Vice President for Health Policy
The Senate will vote tomorrow on an amendment to small business legislation that would seriously weaken an essential element of the new health reform law — the requirement that individuals obtain health insurance or pay a penalty — and eliminate preventive care funding aimed at reducing the onset of chronic diseases and improving overall health.
Sponsored by Senator Mike Johanns (R-NE), the amendment would repeal a provision of the health reform law designed to improve businesses’ compliance with the tax laws. Repeal would cost $17.1 billion over the next ten years, the amount of additional revenue that would have been collected due to improved tax compliance.
To make up for this loss, the amendment would do two things. First, it would eliminate all $11 billion in Affordable Care Act funding for the Prevention and Public Health Fund for fiscal years 2010-2017 — taking away critical investments that could help reduce the incidence of chronic illness and infectious disease, improve overall health, and reduce the cost of treating preventable medical problems.
Second, it would weaken health reform’s individual mandate, which is designed to lower the overall cost of coverage by encouraging healthy people (who cost less to insure) to enroll in coverage rather than wait until they get sick.
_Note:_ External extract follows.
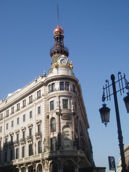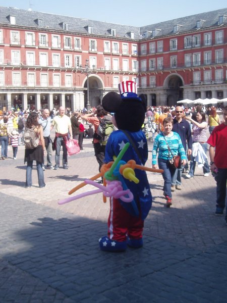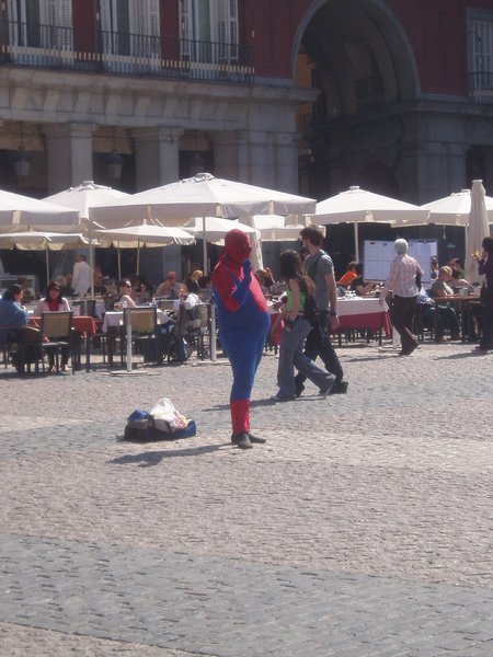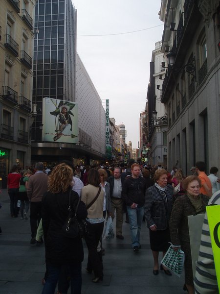 Madrid gets serious kudos because it is one of the few cities in the world that doesn't gouge passengers on transport to and from the airport. You can board the subway or a bus straight from the terminal and go anywhere in the city for a single euro. After three quick train switches, I emerged in Plaza de Callao. Here, there was a protest in progress (against what, I'm not sure, but they had a great drum line) and further down the pedestrian walks radiating from the plaza were human statues, balloon artists dressed as Disney characters, and immigrants selling bootleg DVDs.

While the Affordable Health Act would allow some people to remain uninsured without incurring a penalty, the Johanns amendment would allow many more to do so, meaning that fewer people would receive federal subsidies to help them buy coverage.
This would reduce federal costs for these subsidies, but at the price of increasing the number of uninsured people by 2 million (relative to what would occur under the health reform law), driving up premiums by as much as 4 percent for people with coverage through the new health insurance exchanges (because the pool of people in the exchanges would be less healthy, on average), and raising the cost to health care providers and state and local governments of providing health care to the uninsured.
While critics have argued that the tax-compliance provision would create excessive paperwork for businesses, senators who want to modify it can do so without undermining health reform. An alternative amendment from Senator Bill Nelson (D-FL), which the Senate will also consider on September 14, would scale back rather than eliminate the provision to ease the burden for small businesses and make up for the lost revenue by reducing tax subsidies for the largest oil companies. That’s a much more sensible approach.